I'm comin' up hearts
A few weeks ago I came across an ad for cattle supplies, and it made me think about the things I missed out in and never had the chance to do.
Riding on my horse, sittin' in the saddle. That made me think about my ex-wife and made me realize how broke in that saddle felt, which I took for granted as the suppleness of newness. Youth wasted on the young, but that made me think of my prior ex-wife and the child she bore while married to me...and the questions of my family tree having African-American relatives somewhere amidst it's upper branches...or were those roots she was referring to?
Ironically in a twist of fate, said first ex-wife made contact with me and broke the truth to me, that I was not in fact her child's father...amidst much beating around the bush and pussyfooting of sorts.
Aghast at her comment, I made it perfectly clear the practicality of me being the said now young adult woman's father! Our marriage, our few nights of Shrangrala while in military training, and never the question of her having lived with another man while married to me and pregnant by another ever being a position the military took at the time.

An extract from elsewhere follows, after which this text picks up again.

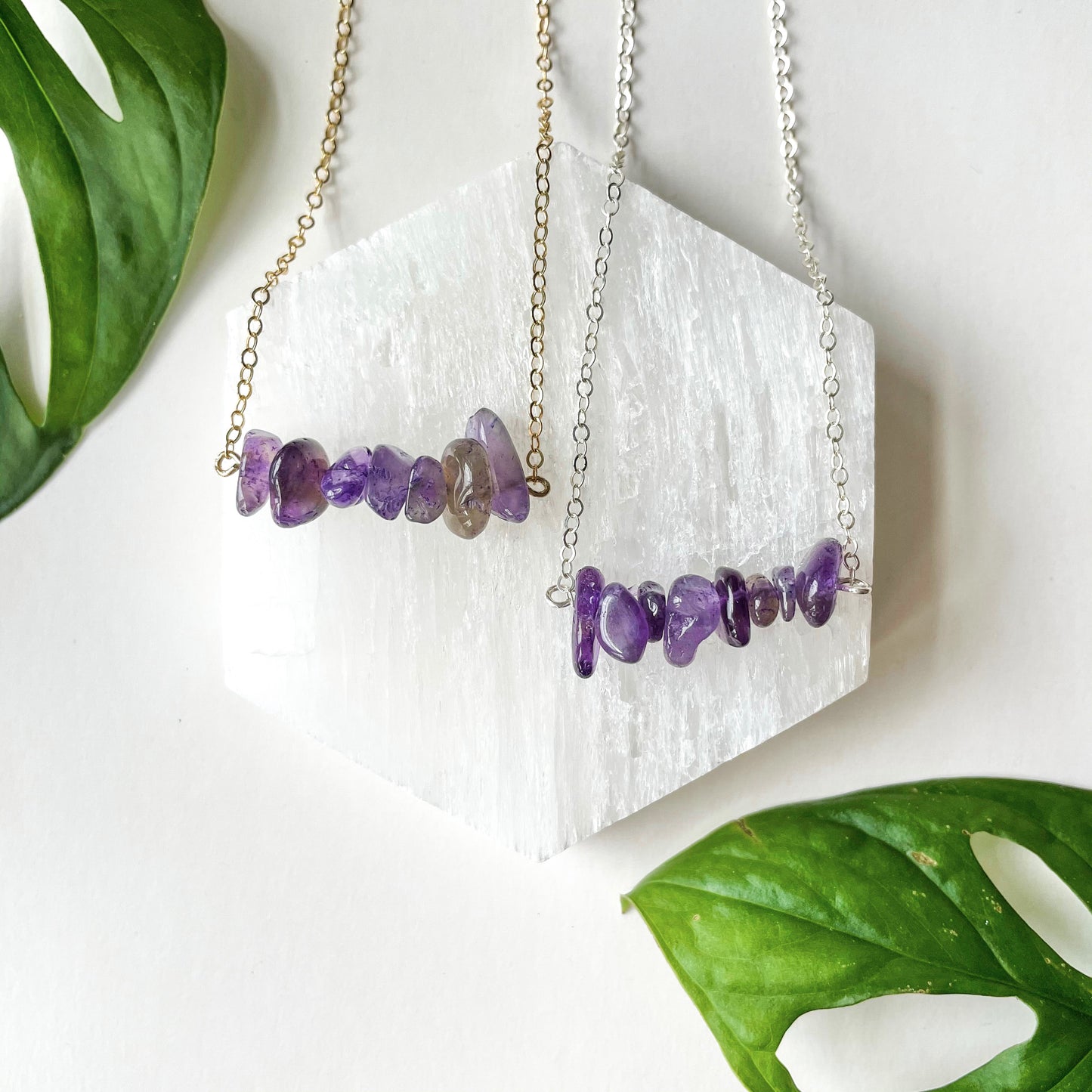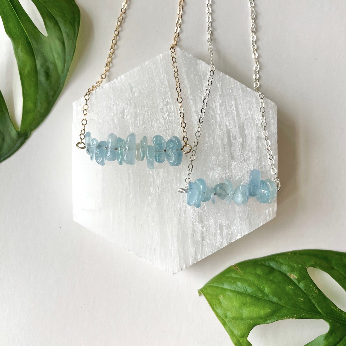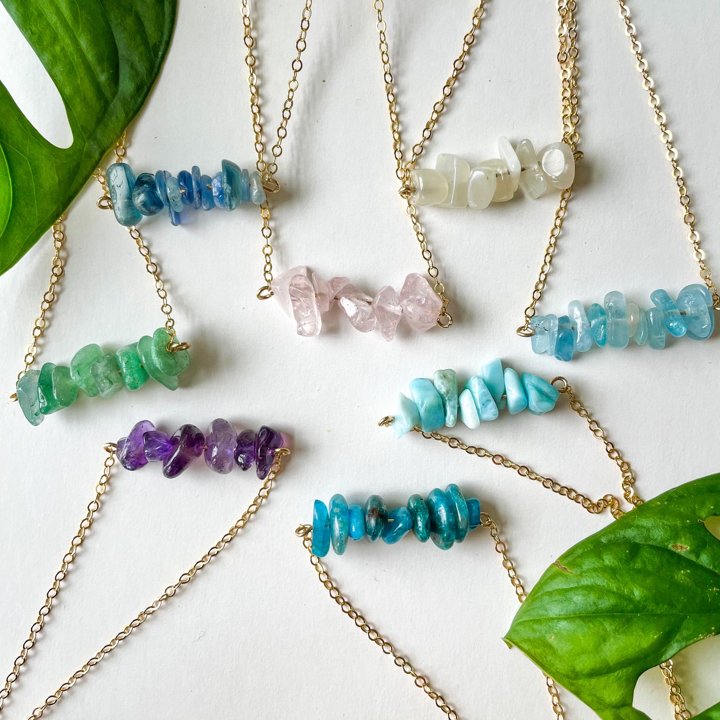 The Seabreeze Chip Necklace is made with a wide range of stones to best suit your style! Add a pop of color and texture to your layer with your favorite stone and meaning. The best necklace to add to your summer look from a bikini to a dress.

And that's when I made it clear to her that after having found my own biological father after her statement some 22 years prior, I could offer her the following:
"After careful deduction and investigation, I have come to the following conclusion. You my dear, are black".
And so no further contact with her, requests for support, or demands for paternity testing to date. Which brings me to the final conclusion...the best thing about dating street people is you can drop them off anywhere after you're done.
But if you're gonna be free of an ex-wife's bogus power trip, sometimes ya just gotta call a spade a spade.